The Pennsylvania Supreme Court has decided the case of Commonwealth v. McMahon, holding that the police legally searched the defendant’s car despite not obtaining a search warrant because they entered the car only to obtain contraband which was in plain view. The plain view exception allows the police to conduct a warrantless search where an object of an incriminating nature is viewed by a police officer from a lawful vantage point. The Superior Court therefore affirmed the trial court’s decision to deny the defendant’s motion to suppress incriminating evidence that had been obtained from his car.

Commonwealth v. McMahon

The defendant was stopped by two officers on patrol. The two officers conducted a traffic stop because they knew the defendant did not have a valid driver’s license from prior encounters. One of the officers, Sergeant Harrison Maddox, testified that he smelled marijuana and observed two burnt cigarettes containing marijuana in the cupholder of the car. The officers then detained and searched the defendant, finding one and a half pills that were later determined to be Oxycodone. Sergeant Maddox then searched the defendant’s vehicle and found three bags of marijuana.

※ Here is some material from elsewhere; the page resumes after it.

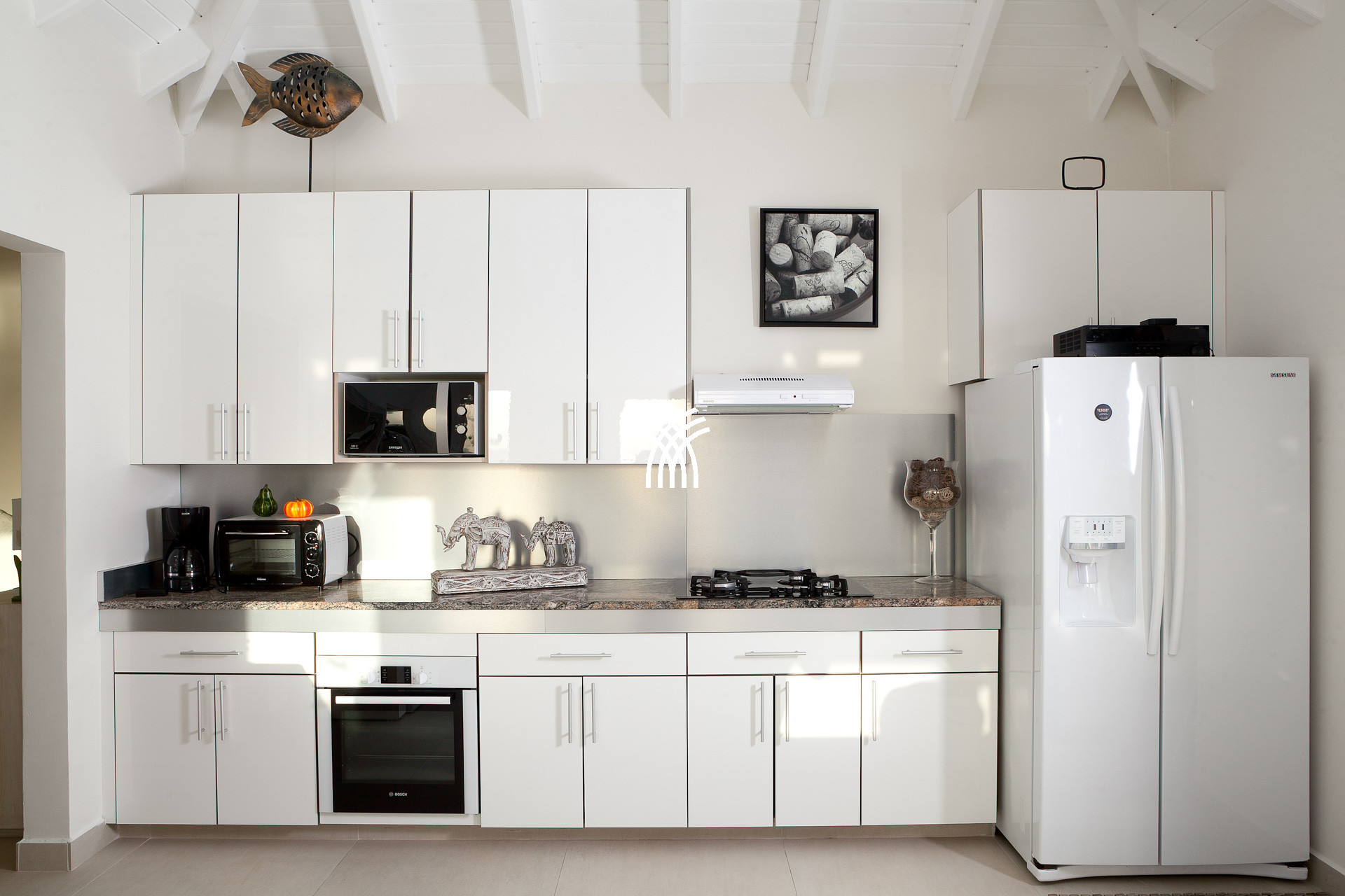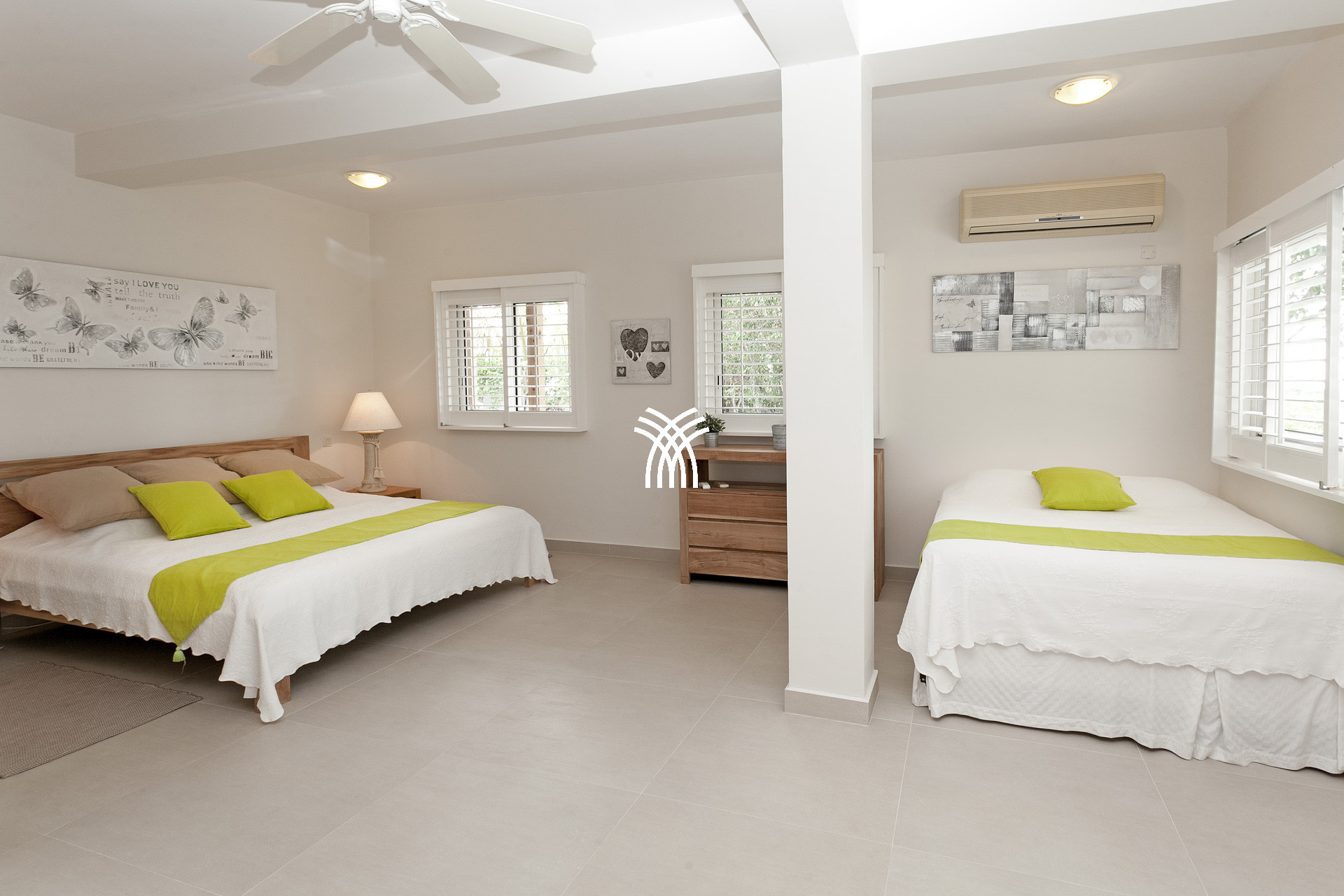 Four bedrooms of equal size have a view of the Caribbean Sea and are at the level of the pool terrace. The 5th bedroom and its ensuite bathroom are on the lower level with views of the Caribbean Sea. This bedroom also includes a kitchenette.

The defendant filed a motion to suppress evidence. In this case, he sought to suppress the marijuana cigarettes, bags of marijuana, and Oxycodone pills. During the suppression hearing, the trial court granted the motion to suppress the bags of marijuana recovered but denied suppression of the marijuana cigarettes and Oxycodone pills. The defendant was found guilty of possessing a controlled substance and possessing marijuana after a stipulated non-jury trial.

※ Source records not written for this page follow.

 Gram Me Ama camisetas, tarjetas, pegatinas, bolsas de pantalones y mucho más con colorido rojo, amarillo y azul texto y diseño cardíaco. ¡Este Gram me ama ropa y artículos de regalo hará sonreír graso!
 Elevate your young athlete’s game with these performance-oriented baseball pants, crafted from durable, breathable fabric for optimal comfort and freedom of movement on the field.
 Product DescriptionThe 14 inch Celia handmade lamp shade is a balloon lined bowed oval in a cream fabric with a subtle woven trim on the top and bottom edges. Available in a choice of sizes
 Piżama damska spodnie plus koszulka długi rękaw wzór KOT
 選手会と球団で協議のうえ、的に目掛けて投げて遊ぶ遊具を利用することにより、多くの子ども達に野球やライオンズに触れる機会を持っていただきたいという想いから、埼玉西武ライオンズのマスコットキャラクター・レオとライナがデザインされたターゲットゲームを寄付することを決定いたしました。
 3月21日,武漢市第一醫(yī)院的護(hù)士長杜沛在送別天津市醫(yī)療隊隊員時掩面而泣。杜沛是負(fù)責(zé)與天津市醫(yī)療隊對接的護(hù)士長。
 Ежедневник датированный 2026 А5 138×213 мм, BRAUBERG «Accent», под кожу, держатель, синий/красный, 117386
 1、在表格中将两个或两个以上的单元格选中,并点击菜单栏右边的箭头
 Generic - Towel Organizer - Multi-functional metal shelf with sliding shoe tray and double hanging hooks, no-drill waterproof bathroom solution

The defendant then filed a motion for reconsideration, arguing that the trial court erred in denying his motion to suppress evidence under the plain view doctrine because the officers did not have the right of access to items inside the vehicle, and there was also no exigency to justify the seizure. The court denied that motion, and the defendant appealed.

The Pennsylvania Superior Court’s Decision

The Superior Court reviewed the relevant law and precedent regarding the plain view exception and denied the appeal. First, the Court noted that the Fourth Amendment provides that individuals cannot be subjected to unreasonable searches and seizures. A warrant for probable cause is required before an officer may search for or seize evidence. Article I, Section 8 of the Pennsylvania Constitution provides additional protections for individuals, providing that probable cause and exigent circumstances must exist in order to justify a warrantless search of a vehicle. There are, however, exceptions that may justify a warrantless search. Some examples include the consent exception, the plain view exception, the inventory search exception, the automobile exception, the stop and frisk exception, and the search incident to arrest exception.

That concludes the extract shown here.